Hello,
I would like to ask your advice for a very specific question.
I need to use 1% Triton X-100 in PBS with inhibitors to extract proteins from tissue.
My goal is to analyze the Triton-insoluble pellet.
Here is my protocol:
1. Tissue: mouse brain hippocampus.
2. Homogenize with an electric handheld homogenizer.
3. Centrifuge at 13 000g for 10 min at 4C.
4. Separate Triton-soluble fraction (supernatant) and a triton-insoluble fraction (pellet).
5. Add 1x Laemmli buffer to pellet, analyze by SDS-PAGE.
The problem is that my pellet is full of genomic DNA which makes for very bad SDS-PAGE gels.
How do I remove this genomic DNA?
Could I spin the homogenate at 300g for some minutes and continue work on the supernatant (between step 2 and 3)?

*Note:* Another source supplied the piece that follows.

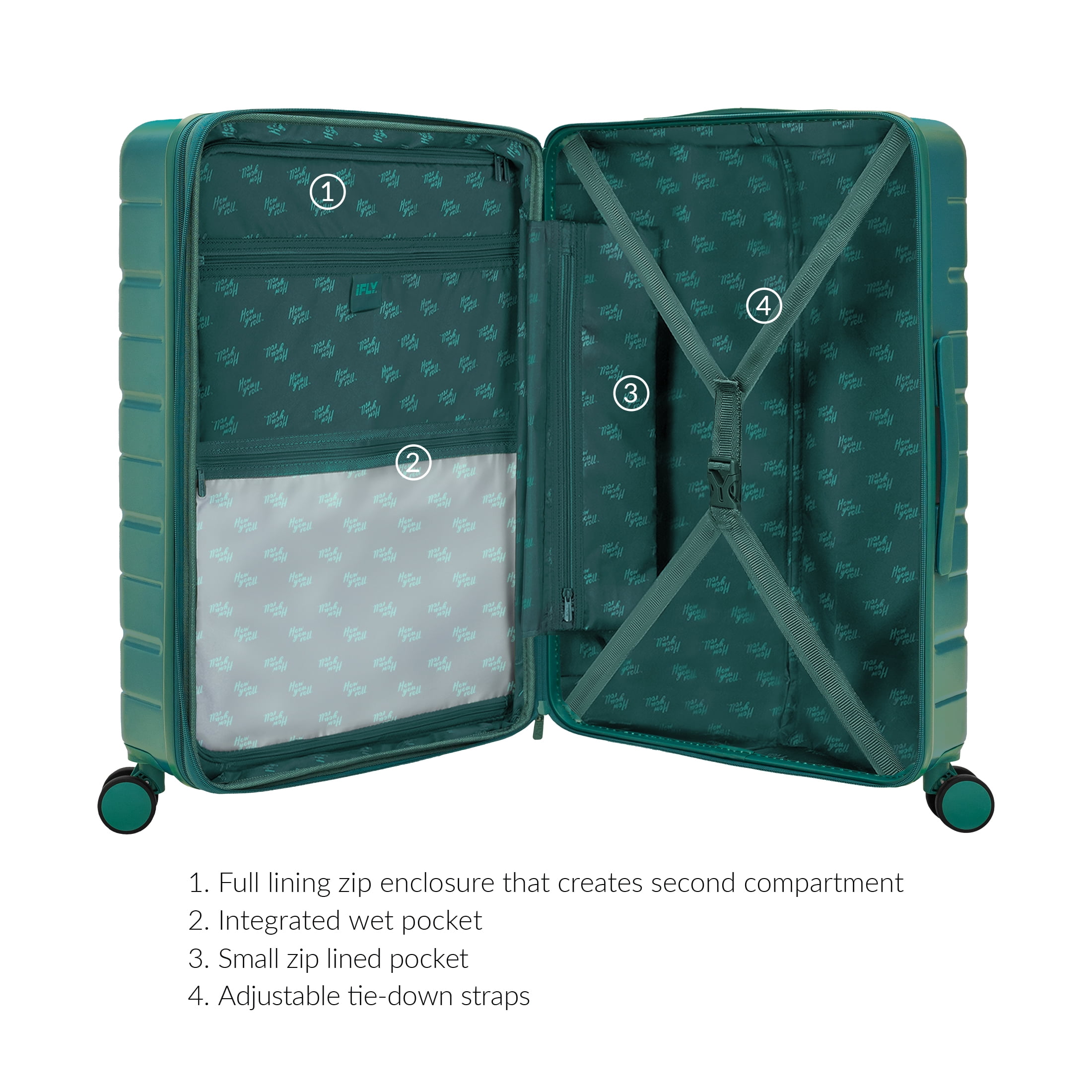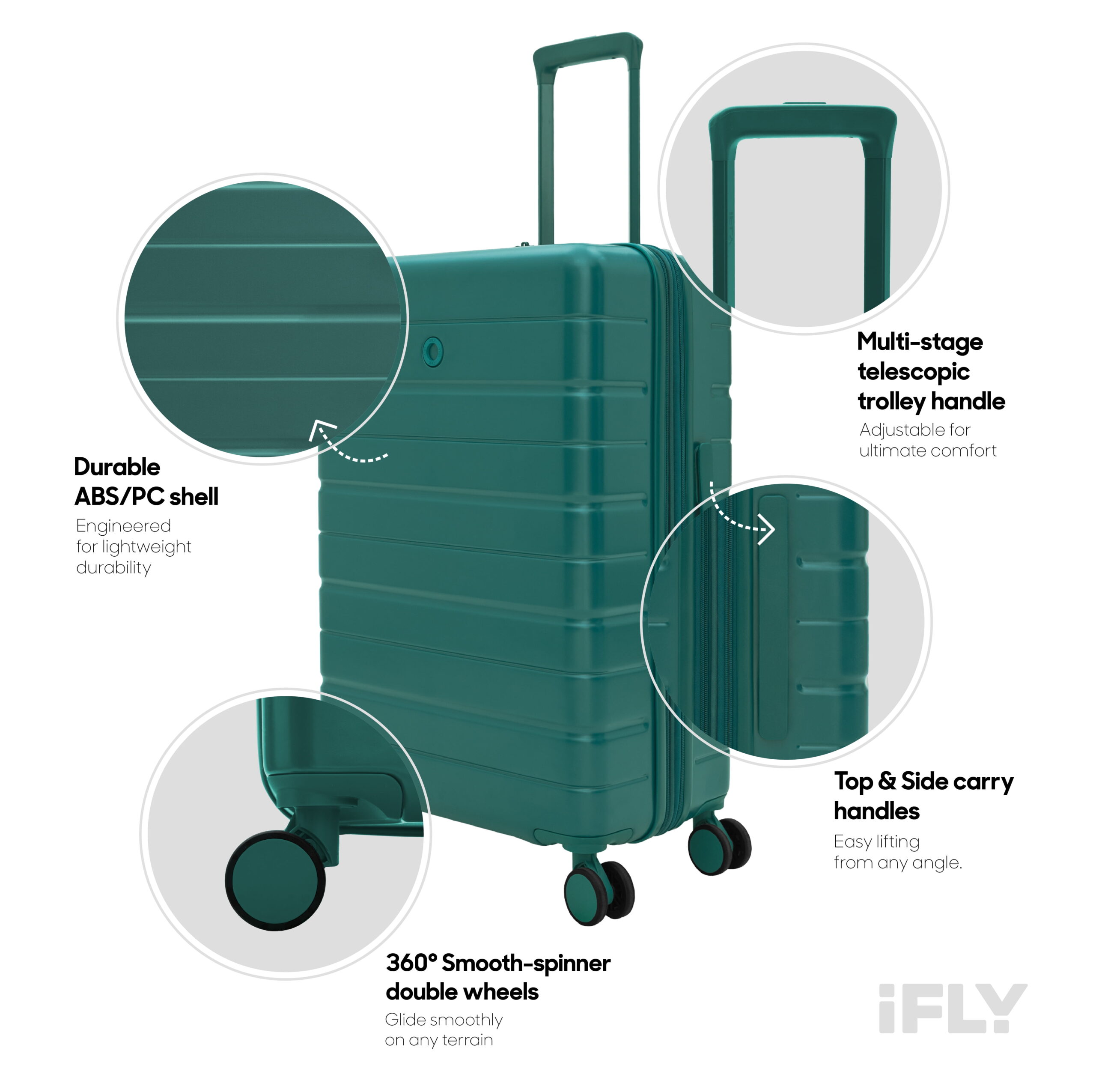 Travel smarter with the iFLY Evolve Collection, available in Teal and Navy. This hard-side luggage combines modern style with dependable durability, featuring smooth double spinner wheels, a multi-stage telescopic handle, and a thoughtfully organized interior with tie-down straps and a wet pocket. Lightweight yet impact-resistant, the Evolve Collection makes every journey easier and more stylish — and it’s backed by iFLY’s industry-leading 20-year warranty for total peace of mind. Available in carry-on, medium checked and large checked sizes.

Unfortunately I do not have access to a sonicator to shear the gDNA.
I have access to DNase1, but I'm worried it will not work because of my inhibitor cocktail.
Edit: I have added an image of the gel illustrating my gDNA problem. 1-4: insoluble fraction, 5-8 soluble fraction.
Blotting and antibody incubation confirms that my protein of interest is in the insoluble fraction, but of course the band is very messy.
If the protein(s) of your interest are reasonably stable in buffer/cocktail without the Triton X-100, proceed with conventional homogenization (not blending), followed by a 3000xg centrifugation to remove bulk of the nuclear fraction. This will eliminate most of the DNA (some nuclei will be damaged and cross-contamination is inevitable - mitochondrial DNA will also be there in the supernatant).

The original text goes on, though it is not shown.